Observed Impacts of Aerosol Regimes on Energy and Carbon Fluxes in the Amazon Forest

Abstract. Atmospheric aerosols play a crucial role in modulating the energy available to the Earth’s surface, influencing the hydrological cycle, ecosystems, and climate. In the Amazon, previous studies have mainly examined how aerosols scatter and absorb radiation, enhancing diffuse radiation and influencing gross primary productivity. However, little is known about their interactions with energy partitioning (i.e., sensible and latent heat fluxes). Here, we investigate how regimes of high (AOD > 0.40) and low (AOD < 0.13) aerosol optical depth (AOD) affect surface energy and carbon dioxide (CO₂) fluxes in an undisturbed Amazon rainforest.
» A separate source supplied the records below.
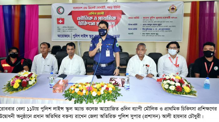 বগুড়া পুলিশ লাইন্স স্কুল অ্যান্ড কলেজে তিনদিন ব্যাপি মৌলিক ও প্রাথমিক চিকিৎসা প্রশিক্ষণের উদ্বোধনী অনুষ্ঠানে প্রধান অতিথির বক্তব্য জেলার অতিরিক্ত পুলিশ সুপার আলী হায়দার চৌধুরী বলেছেন, যুগোপযোগী মৌলিক প্রশিক্ষণ শিক্ষার্থীদের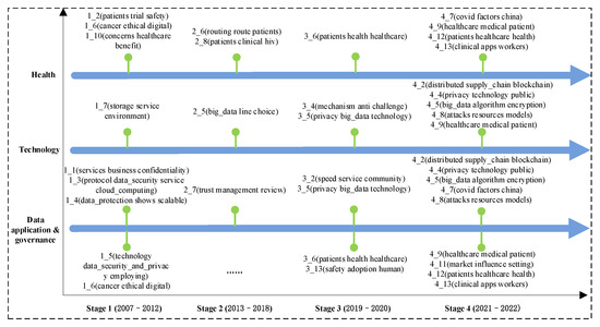 The first is the topic evolution path of data security in healthcare, in which division-type topics account for the majority. These topics mainly involve data security issues, such as user health data privacy, medical ethics, and electronic health data throughout the whole evolution path, reflecting the heat and importance of topic research on health data security [32]. Among them, stage 4_13 (clinical app workers) belongs to the newborn topic. In the context of big data and the COVID-19 outbreak, various algorithm-driven medical and health applications emerged in large numbers, providing people with health information services while hiding various security risks, which became a hot research issue for scholars nowadays.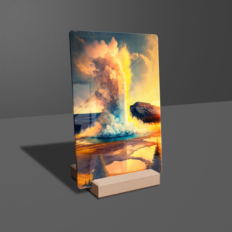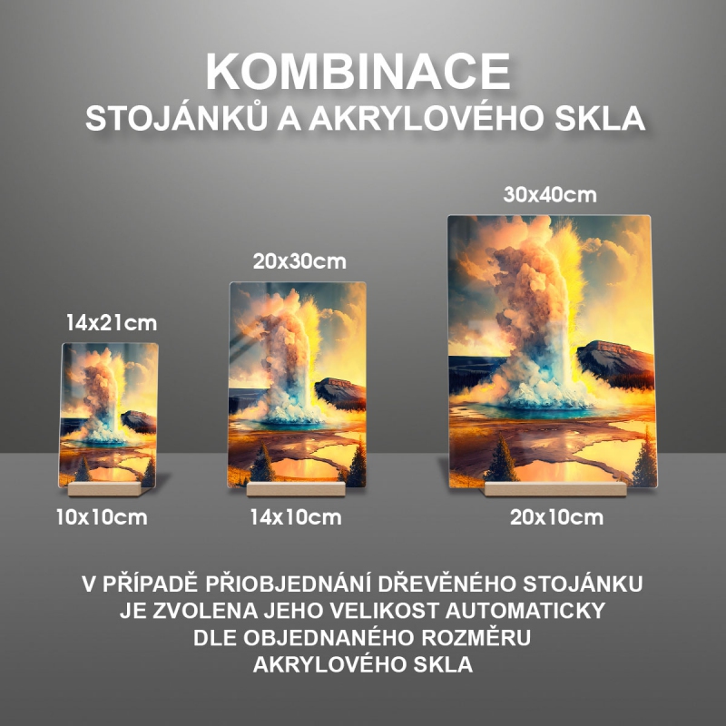 Na produktovém fotu vyobrazena nejoblíbenější varianta akrylového skla 14x21/21x14cm a dřevěný stojánek 10x10cm.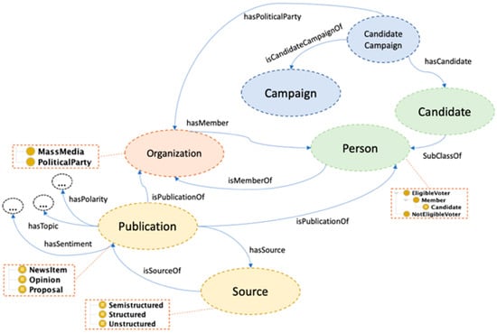 According to the main concepts listed above, the ontology development process was started with a top-down approach to present and define the hierarchy of classes, subclasses, and object properties more easily. The ontology has been defined in OWL2 [61] using Protégé (https://protege.stanford.edu/ (accessed on 12 August 2022)). It contains seven main concepts: Campaign, Candidate, CandidateCampaign, Organization, Person, Publication, and Source. There are also other related concepts to cover the aims suggested in political marketing. These main concepts directly impact the research questions and can be defined as follows: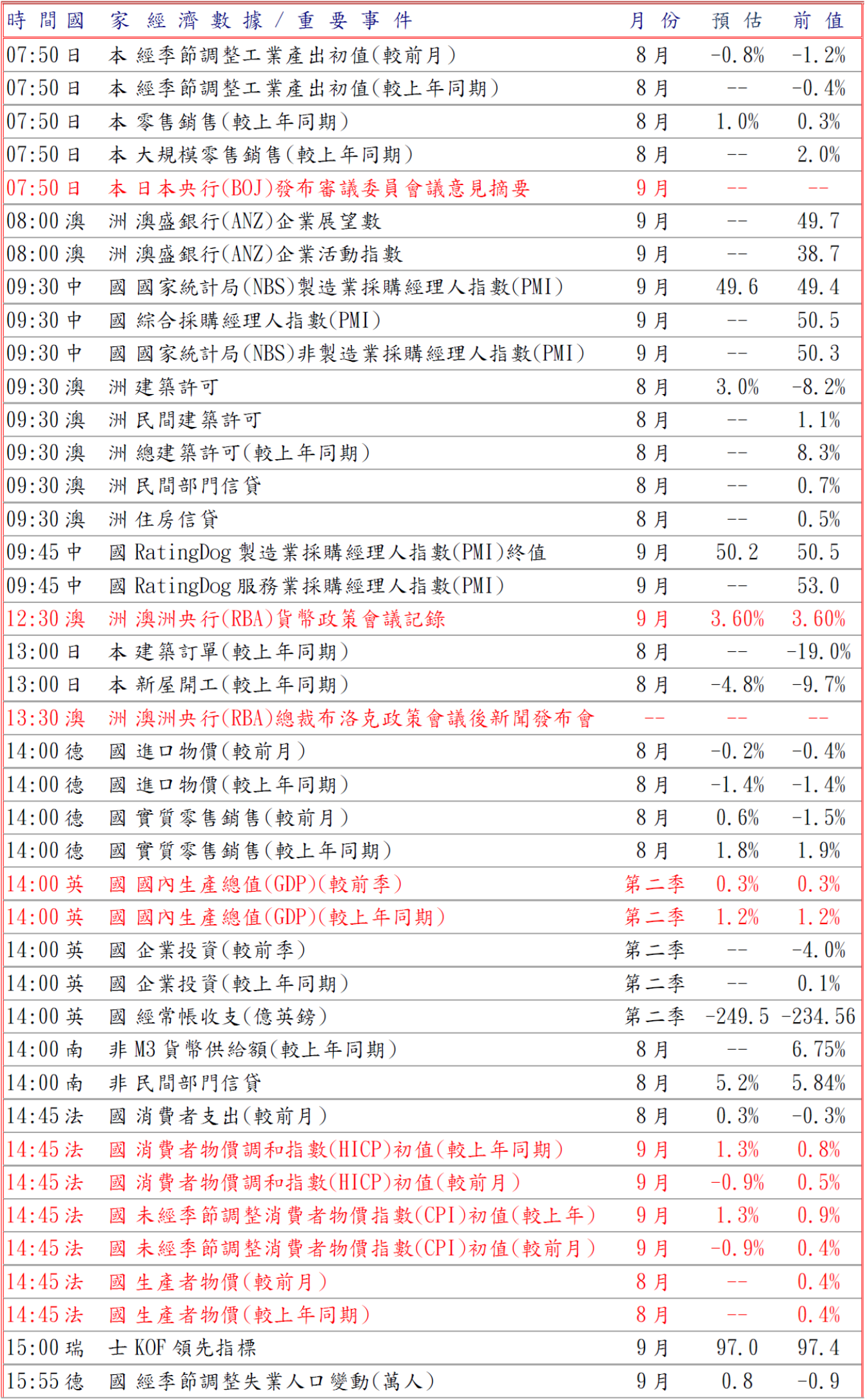 上週五發布的8月數據顯示,占美國經濟活動三分之二以上的消費者支出增長0.6%高於預期,個人消費支出(PCE)物價指數則較前月漲0.3%及較上年同期升2.7%達2月以來最大漲幅,核心PCE物價指數亦分別較前月漲0.2%及較上年同期升2.9%,數據彰顯經濟具韌性,而且里奇蒙聯邦儲備銀行總裁巴爾金表示,通貨膨脹和就業風險可能均有限,政策重點是平衡,可能讓美國聯邦準備理事會(FED)降息的努力複雜化,但FED監管副主席鮑曼呼籲果斷降息以抵禦就業市場日益嚴重的問題,週一令美元受阻,並據日本央行(BOJ)審議委員野口旭稱,由於經濟和物價上行風險大於下行風險,BOJ比以往任何時候都更需要加息,而且日本內閣府發布月度報告表示,美國貿易政策可能給經濟前景帶來下行風險,但影響主要體顯現在汽車行業,日本經濟正在溫和復甦,4月至6月增長快於預期,連續第五個季度實現擴張,提供日圓支撐,推動美元兌日圓自149.51高點走低。
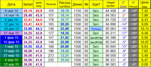 Зима: январь этого года, перед любым запуском пользуюсь электро подогревом, среднее время работы двигателя перед движением - 12 минут, комплект зимней шипованной резины, средний режим работы печки: 2-ое положение, пройденное расстояние - 1400 км., город - 60%, трасса - 40%: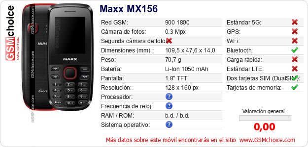 Datos del móvil Maxx MX156 en tu página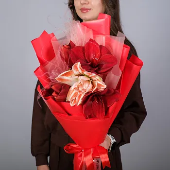 Заказать on-line и купить цветы недорого оптом или в розницу из раздела «Букеты с амариллисами», а также оформить заказ интересующего Вас букета можно через сайт либо по телефону 8 800 550 10 72.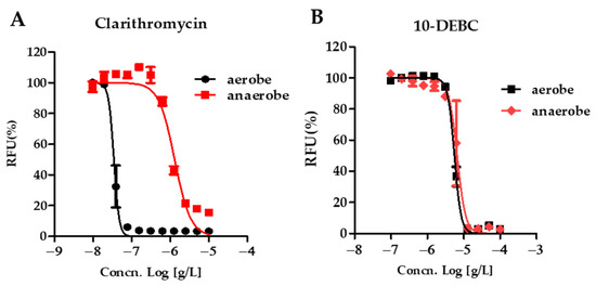 DRC of 10-DEBC. DRC of M. abscessus under aerobic, anaerobic using REMA. M. abscessus was undergone for seven days within an anaerobic generating container system (BD GasPak™ EZ). The activity of CLR (A) and 10-DEBC (B) against M. abscessus under aerobic and anaerobic conditions. The experiments were carried out with three biological replicates and expressed as the mean ± SEM for each concentration.

For this, we used long-term meteorological measurements from the Amazon Tall Tower Observatory (ATTO) collected between 2016 and 2022. We find that enhanced aerosol presence reduces both sensible heat flux and energy available for evapotranspiration by approximately 10 %, while decreasing CO₂ fluxes by about 58 %, which suggests enhanced carbon assimilation by the forest. The impact of aerosols on turbulent surface fluxes is reflected in a cooling of approximately 0.5 °C at the canopy top, caused by a 5.6 % reduction in incoming shortwave radiation. These results demonstrate that aerosols modify turbulent energy exchange, with consequences for the forest microclimate and the coupled carbon and water cycles. It highlights the critical role of aerosols in the functioning of the ecosystem.